The exact AL processes used by Infranet are a mystery, although the cellular data shown on the left-hand screen resembles a Game of Life cellular automaton. AL represents an explosion of possibility radiating out from a small core of data. AI is an implosion that brings together massive sets of known data and outputs its own recognition or modification of it. AL processes can be used to create entire worlds or universes from tiny bits of seed data. For Infranet, Manhattan is both the start and end point of the simulation. City data is run through AL and AI simulations until an image of the city itself emerges from it, miraculously unchanged.
It’s unclear exactly what data types were used to feed Infranet’s digital creatures. The wall text cites non-specific “open city data”, and the gallery assistant mentioned public health records, air quality, pest control, and flood levels as possible sources. During multiple viewings at different times, the life force circulating around the map was brightest on Broadway, Fifth Avenue, and along the Hudson waterfront. The lights grew dimmer above Central Park, and aside from a glimmering backbone along the Hudson, northern Manhattan might as well not exist. Only the areas infused with capital get the privilege of being called “alive”. In the logic of AL, everywhere else is either dead or was never alive at all.

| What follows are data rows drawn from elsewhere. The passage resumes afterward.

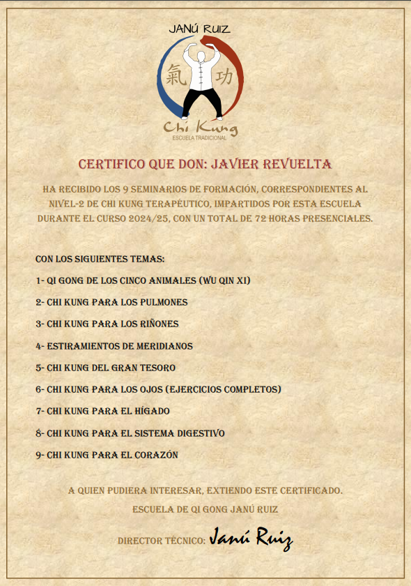 Es graduado en Chi-Kung (Qi Gong) por la Escuela Janu Ruiz.
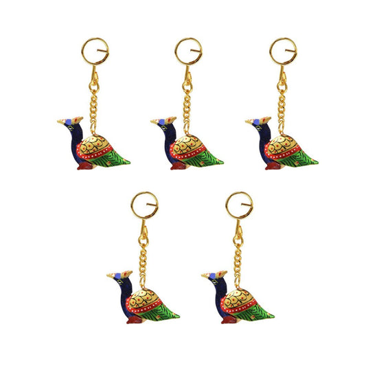 Beautifully Designed Wooden Elephant & Peacock Key Chain set
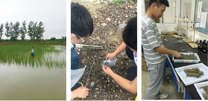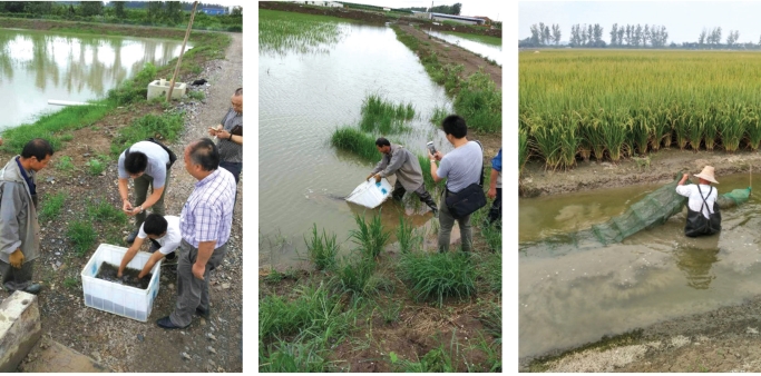 选择抗倒伏、高产、耐肥的优质杂交稻,试验品种为鄂中五号。水稻栽培按NY/T5117-2002无公害食品水稻生产技术规程操作,秧苗移栽时间为2016年6月11日,株行距30×15厘米,每穴栽插4~5株。插秧时田间保持水层5厘米左右,插秧后至分蘖期保持水层7~10厘米,分蘖后至成熟前根据稻株高度控制灌水深度在10~20厘米,水稻成熟后排水落干。插秧前每个生态系统施生物有机肥40千克/亩,水稻返青后追施尿素20斤/亩。基本上水稻的后期生长过程,泥鳅的代谢物可以提供水稻土壤中的肥力,不需要再进行额外的施肥。但有时候可能会出现养分不均衡的现象需要适当施肥。这时应考虑肥效对泥鳅的影响,尽量选择生物肥或投放对泥鳅没有不良反应的安全肥进行施用。水稻生长期间未见病害发生。10月25日水稻成熟,11月5日收割。

Infranet is a loop that ends where it begins: the city as data, a quantified simulation of life. Only part of this loop is visible, as the pulsating map on one wall and the grid of cells on the other. The exact processes through which city data comes to resemble the city itself are hidden within a conceptual black box, and without further information from the artists regarding their methodology all that’s left is speculation. Perhaps the tension between the two processes —AI and AL—plays a part in the transformation. AL allows data to explode outwards from simple starting parameters, but AI feeds on large quantities of data and constrains its output to what it can recognize. Could the city itself be so recognizable that it becomes a boundary that the permutations of artificial life cannot overcome? Are the biases inherent to the source data so deeply ingrained that life’s processes cannot begin to defy them?

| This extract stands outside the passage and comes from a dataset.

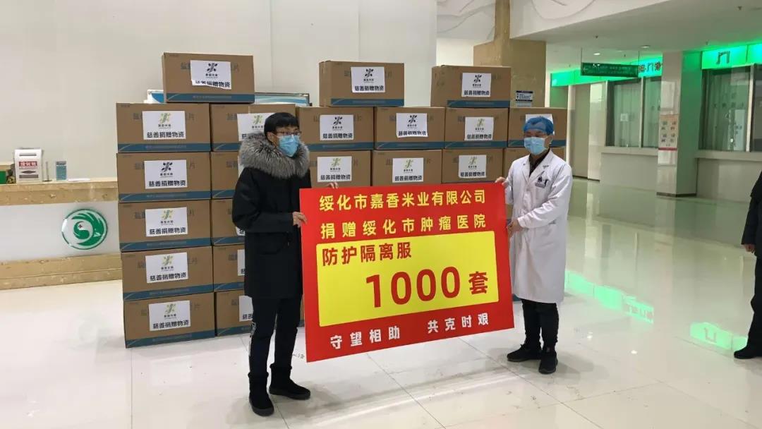 截止目前,在疫情防控期間,嘉香米業(yè)公司累計(jì)捐贈(zèng)錢物70余萬(wàn)元,其中25噸滿載著綏化人民愛(ài)心的諾敏河優(yōu)質(zhì)香米在2月11日運(yùn)抵武漢,已經(jīng)成為華中科技大學(xué)同濟(jì)醫(yī)學(xué)院附屬同濟(jì)醫(yī)院的重要保障物資。從湖北抗“疫”前線的后勤物資保障到綏化疫情防控期間的物資支持,到處能見(jiàn)到嘉香米業(yè)愛(ài)心奉獻(xiàn)的身影。用嘉香米業(yè)總經(jīng)理宋永偉的話說(shuō):抗擊疫情太艱辛了!希望通過(guò)這點(diǎn)心意,能幫到戰(zhàn)“疫”一線的醫(yī)務(wù)工作者,讓他們吃點(diǎn)兒好的。同時(shí)做好自身防護(hù),抗擊疫情同時(shí)保護(hù)好自己。你們守護(hù)患者,我們守護(hù)你們,這就是我們企業(yè)的本心。

Looked at from this perspective, the fact that the program outputs an accurate map of Manhattan is more disappointing than astonishing. With all the variability and possibility that these simulations of life can create, we’re stuck with a map that depicts the city’s structural inequalities without offering any critique or proposing a means of overcoming these problems. If areas infused with capital are considered alive, and everywhere else is dark and dead, this sets up an allegory that privileges the city’s status quo to the exclusion of other, more divergent possibilities. Artificial life can create entire universes from a tiny data seed; it’s a shame that a technology with such revolutionary potential is stuck within the conceptual borders that define Manhattan.